WORK TO BE COMPLETED: Pick out and copy every line below that has the word "shown".

··· THE DATA

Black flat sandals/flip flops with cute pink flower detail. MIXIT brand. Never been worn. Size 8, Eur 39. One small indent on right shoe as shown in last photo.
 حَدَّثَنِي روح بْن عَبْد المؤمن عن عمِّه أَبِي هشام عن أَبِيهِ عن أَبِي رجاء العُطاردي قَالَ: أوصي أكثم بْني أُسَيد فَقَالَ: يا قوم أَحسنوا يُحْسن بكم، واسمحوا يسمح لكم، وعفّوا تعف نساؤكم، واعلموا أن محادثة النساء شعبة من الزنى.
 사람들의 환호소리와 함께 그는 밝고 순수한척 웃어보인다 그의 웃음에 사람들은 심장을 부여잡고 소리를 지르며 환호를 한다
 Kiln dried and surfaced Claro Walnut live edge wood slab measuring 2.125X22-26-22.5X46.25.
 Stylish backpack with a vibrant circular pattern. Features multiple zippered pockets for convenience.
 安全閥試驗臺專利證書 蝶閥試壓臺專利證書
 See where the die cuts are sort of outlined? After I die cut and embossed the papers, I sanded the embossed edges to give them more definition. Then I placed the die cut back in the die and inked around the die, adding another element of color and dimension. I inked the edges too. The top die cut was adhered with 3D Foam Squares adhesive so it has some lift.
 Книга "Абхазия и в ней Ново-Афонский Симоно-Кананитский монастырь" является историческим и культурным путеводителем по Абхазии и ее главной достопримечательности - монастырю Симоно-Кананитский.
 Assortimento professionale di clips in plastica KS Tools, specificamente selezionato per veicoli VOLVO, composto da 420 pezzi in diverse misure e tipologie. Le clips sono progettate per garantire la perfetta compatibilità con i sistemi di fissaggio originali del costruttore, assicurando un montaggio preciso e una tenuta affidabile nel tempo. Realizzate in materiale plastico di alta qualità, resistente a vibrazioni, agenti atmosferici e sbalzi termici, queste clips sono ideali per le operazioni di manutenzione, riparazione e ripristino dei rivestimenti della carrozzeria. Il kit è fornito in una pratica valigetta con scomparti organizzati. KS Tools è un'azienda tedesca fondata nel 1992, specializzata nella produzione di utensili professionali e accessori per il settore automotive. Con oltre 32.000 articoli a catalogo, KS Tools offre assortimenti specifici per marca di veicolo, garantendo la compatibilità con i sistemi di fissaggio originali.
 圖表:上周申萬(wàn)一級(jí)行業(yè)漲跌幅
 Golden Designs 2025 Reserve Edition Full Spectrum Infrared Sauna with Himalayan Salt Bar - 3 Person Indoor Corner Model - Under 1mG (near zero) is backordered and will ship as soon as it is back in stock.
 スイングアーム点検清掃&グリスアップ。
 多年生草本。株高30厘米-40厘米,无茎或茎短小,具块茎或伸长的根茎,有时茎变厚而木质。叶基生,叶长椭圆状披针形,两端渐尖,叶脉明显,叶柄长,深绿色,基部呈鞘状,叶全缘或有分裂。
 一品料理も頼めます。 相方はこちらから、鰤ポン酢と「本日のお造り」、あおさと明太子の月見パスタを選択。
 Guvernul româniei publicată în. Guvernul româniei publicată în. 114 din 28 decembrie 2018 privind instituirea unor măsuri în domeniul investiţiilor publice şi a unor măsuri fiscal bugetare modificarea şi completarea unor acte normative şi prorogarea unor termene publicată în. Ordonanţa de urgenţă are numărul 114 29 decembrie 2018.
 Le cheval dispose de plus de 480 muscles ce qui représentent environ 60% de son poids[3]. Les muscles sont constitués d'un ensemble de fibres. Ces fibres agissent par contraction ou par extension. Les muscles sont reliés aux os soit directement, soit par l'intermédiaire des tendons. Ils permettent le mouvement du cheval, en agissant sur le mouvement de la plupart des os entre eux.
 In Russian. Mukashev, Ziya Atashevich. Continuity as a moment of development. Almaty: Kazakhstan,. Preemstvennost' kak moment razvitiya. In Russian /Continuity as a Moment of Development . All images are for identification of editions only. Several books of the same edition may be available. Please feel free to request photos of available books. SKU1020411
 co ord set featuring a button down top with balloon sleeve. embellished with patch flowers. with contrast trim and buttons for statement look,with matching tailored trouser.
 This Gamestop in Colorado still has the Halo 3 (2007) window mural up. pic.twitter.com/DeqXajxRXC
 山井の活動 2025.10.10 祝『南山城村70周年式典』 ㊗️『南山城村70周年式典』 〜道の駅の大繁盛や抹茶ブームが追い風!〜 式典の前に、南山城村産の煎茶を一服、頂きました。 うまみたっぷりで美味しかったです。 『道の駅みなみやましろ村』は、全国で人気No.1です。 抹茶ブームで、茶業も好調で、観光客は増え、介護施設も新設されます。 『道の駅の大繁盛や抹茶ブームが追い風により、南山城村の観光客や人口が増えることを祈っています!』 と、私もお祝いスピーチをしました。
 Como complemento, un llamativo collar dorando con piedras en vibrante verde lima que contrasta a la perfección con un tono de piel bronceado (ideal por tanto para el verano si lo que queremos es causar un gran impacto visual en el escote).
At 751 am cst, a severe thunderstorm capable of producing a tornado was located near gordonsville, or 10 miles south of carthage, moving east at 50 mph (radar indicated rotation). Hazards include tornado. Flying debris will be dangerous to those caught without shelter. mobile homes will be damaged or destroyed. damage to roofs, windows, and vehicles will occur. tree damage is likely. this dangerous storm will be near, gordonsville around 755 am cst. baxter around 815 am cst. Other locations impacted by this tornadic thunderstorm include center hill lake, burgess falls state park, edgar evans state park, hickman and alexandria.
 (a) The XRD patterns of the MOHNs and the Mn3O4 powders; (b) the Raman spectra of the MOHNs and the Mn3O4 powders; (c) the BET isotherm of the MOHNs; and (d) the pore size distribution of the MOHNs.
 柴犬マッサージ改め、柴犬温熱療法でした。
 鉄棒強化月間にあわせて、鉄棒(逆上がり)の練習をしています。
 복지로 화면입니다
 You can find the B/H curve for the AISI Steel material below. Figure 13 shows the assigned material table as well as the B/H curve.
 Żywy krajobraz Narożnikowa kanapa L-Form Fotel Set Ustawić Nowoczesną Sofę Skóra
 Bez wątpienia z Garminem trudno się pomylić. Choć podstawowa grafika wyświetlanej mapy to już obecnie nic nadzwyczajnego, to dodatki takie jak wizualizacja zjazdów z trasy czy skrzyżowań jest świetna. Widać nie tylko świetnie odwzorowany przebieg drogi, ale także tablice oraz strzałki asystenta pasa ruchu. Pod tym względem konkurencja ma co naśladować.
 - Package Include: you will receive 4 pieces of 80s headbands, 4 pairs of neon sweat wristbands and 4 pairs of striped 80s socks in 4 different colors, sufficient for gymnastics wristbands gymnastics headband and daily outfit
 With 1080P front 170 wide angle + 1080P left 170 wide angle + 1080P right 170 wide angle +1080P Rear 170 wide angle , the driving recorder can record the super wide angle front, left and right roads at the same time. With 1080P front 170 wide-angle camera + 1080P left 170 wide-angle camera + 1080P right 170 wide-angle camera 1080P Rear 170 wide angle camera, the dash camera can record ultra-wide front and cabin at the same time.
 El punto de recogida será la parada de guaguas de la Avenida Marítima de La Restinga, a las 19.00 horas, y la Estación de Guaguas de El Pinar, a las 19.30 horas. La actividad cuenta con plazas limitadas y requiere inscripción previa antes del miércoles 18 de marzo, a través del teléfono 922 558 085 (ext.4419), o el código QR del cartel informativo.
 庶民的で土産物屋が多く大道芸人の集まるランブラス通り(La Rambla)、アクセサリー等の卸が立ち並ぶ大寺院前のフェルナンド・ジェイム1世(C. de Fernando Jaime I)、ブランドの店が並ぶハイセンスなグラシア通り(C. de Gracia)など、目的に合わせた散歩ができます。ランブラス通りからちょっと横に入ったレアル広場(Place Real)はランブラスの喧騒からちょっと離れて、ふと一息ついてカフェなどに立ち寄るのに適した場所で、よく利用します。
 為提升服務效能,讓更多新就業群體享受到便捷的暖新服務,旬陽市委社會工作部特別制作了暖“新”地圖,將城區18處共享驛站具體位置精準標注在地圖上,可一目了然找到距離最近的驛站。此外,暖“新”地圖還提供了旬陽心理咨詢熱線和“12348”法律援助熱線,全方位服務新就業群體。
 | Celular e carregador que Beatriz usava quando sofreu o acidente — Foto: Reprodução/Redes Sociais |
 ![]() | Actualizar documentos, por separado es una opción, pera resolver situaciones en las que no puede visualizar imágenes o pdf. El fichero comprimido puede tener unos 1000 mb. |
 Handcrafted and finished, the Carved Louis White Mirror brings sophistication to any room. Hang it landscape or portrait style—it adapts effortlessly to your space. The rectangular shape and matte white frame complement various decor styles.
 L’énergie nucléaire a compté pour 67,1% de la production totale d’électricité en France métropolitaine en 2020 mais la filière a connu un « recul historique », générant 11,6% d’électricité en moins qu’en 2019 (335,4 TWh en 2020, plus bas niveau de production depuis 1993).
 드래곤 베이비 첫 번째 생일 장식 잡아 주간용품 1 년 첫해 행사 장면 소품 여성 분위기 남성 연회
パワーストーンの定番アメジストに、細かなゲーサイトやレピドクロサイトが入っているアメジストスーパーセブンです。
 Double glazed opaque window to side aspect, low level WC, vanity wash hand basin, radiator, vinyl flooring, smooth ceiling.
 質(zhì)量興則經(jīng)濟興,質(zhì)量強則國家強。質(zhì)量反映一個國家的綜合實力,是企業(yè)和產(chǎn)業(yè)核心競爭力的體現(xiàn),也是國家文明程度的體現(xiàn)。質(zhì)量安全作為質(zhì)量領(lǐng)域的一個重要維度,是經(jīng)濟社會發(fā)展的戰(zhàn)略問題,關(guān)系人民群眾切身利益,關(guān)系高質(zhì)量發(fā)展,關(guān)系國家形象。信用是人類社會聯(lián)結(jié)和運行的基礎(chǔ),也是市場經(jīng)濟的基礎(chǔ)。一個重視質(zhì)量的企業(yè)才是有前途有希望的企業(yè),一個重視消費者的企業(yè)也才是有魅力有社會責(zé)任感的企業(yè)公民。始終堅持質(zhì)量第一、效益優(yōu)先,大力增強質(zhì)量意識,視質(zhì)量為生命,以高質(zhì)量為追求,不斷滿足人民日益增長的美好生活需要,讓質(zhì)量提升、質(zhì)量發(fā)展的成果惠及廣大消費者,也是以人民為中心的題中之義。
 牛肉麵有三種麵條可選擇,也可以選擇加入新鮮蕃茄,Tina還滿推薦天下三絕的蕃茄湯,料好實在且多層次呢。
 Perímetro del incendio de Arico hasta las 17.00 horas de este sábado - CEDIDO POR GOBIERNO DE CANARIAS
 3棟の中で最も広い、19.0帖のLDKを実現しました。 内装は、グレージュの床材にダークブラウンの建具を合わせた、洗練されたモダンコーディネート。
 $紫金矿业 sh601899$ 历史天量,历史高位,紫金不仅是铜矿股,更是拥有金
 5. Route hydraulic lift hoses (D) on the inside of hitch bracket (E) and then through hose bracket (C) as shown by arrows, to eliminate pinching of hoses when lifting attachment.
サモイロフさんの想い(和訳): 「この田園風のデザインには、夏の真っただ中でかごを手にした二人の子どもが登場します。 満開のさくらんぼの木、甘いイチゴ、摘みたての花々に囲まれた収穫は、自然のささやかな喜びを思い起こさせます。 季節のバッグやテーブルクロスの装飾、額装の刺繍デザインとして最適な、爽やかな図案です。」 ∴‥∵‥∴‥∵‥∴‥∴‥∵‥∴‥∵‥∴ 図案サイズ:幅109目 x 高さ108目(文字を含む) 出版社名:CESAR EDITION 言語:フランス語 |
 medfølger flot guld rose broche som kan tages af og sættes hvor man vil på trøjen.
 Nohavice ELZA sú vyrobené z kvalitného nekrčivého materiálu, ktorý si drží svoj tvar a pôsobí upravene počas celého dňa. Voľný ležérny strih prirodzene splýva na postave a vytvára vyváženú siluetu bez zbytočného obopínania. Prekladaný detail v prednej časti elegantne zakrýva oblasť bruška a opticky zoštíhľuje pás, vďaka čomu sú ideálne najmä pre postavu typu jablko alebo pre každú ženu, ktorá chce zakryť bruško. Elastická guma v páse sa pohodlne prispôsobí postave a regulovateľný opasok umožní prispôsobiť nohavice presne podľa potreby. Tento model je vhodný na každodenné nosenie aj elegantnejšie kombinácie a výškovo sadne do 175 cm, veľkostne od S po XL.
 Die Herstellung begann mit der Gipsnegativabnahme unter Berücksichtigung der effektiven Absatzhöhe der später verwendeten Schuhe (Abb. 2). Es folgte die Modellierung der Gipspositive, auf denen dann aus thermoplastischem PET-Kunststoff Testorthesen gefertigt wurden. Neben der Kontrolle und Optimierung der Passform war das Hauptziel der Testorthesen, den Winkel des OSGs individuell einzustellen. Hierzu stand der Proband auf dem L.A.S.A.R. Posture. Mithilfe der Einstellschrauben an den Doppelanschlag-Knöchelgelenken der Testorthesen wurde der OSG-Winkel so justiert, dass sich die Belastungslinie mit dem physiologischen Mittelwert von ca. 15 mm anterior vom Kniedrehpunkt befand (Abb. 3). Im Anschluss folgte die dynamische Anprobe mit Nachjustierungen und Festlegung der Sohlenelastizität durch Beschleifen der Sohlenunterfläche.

······

RESPONSE AREA:
Black flat sandals/flip flops with cute pink flower detail. MIXIT brand. Never been worn. Size 8, Eur 39. One small indent on right shoe as shown in last photo.
 5. Route hydraulic lift hoses (D) on the inside of hitch bracket (E) and then through hose bracket (C) as shown by arrows, to eliminate pinching of hoses when lifting attachment.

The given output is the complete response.